Over the past few years, we’ve closely watched Fuchsia, Google’s forthcoming OS for devices of all kinds, develop and pick up all sorts of devices and prototypes, including the Google Home Hub and the Pixelbook. In that time, we’ve wondered when we would see support arrive for a Google Pixel series phone. Today may be that day, as Fuchsia is picking up support for “Crosshatch” aka the Google Pixel 3 XL, via an indie developer.
This includes booting the Zircon kernel (the absolute minimum software needed to run a device) via fastboot, and displaying the Zircon virtual console (think like a command line) on the Pixel 3 XL screen. This console is the only UI though, as it doesn’t tap into any of the other layers of Fuchsia yet. There’s also no way to interact with the virtual console, as there’s no touch or USB support of any kind.
Because the support is still in such an early state, and Fuchsia isn’t much to look at right now, we strongly advise that no one attempt to try the new OS on their Pixel 3 XL just yet.
Interestingly, this new support was not added by Google, but instead by an indie developer named Zhuowei Zhang.

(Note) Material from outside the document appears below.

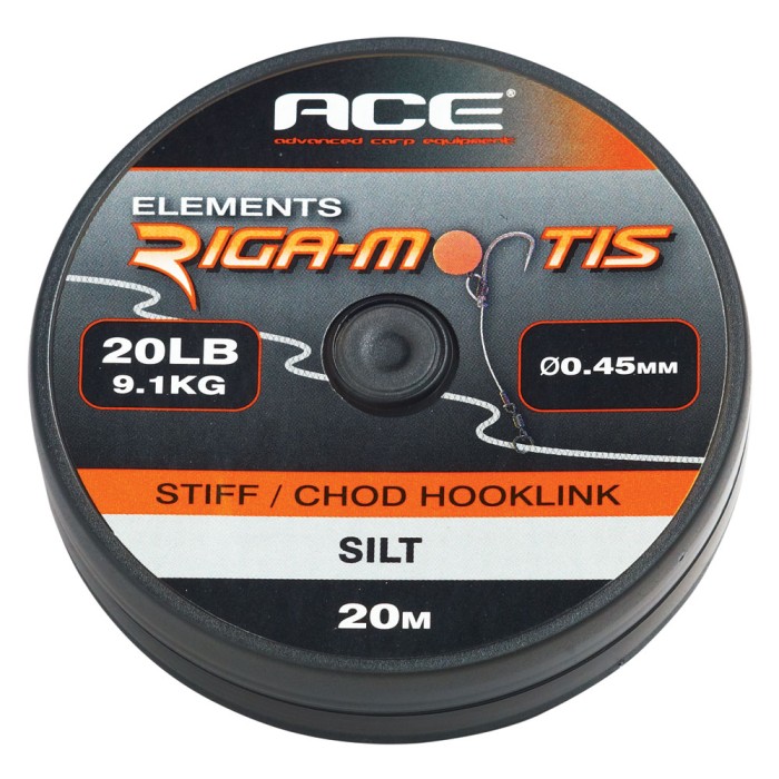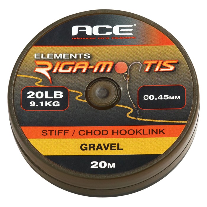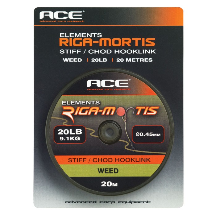 Ace Riga Mortis Stiff Chod Hooklink, This ACE RIGA-MORTIS Hooklink Line can be easily curved between your fingers and has an extremely high memory so the shape of your 'Choddies' is maintained during the cast. Available in different colours to blend into different lakebeds, the line can be straightened again by stretching it out hard for a few seconds.

Zhang is known by the Android Minecraft community as the developer of BlockLauncher, a tool to let you use shaders and mods in Minecraft Pocket Edition. Zhang now spends his time doing interesting code projects for his personal blog. It’s possible we may see a breakdown of how he was able to develop Fuchsia support for the Pixel 3 XL on his blog in the near future.
As the commit is not direct from Google, it’s hard to say what will happen next. As Fuchsia is open source, Google has accepted numerous patches from both from third-party developers and OEMs like Huawei.
On the other hand, the Pixel 3 XL is Google’s own hardware, and Google would likely want more control over Fuchsia’s future on the device. It’s also plausible that Google could already be working internally with Fuchsia on the Pixel 3 XL, and that this is a duplicated effort.
No one from the Fuchsia team has reviewed the commit yet, but we’ll be watching it throughout the day for their response.
If nothing else, it’s clear that, with enough time and effort, a willing developer can bring Fuchsia to almost any device they wish. As the OS progresses, it may not be long before the community creates a way to flash our current phones with early test builds of Fuchsia. I’m certainly looking forward to that day.
This article has been updated with a new source link as the previous one was removed due to a reorganization within Fuchsia.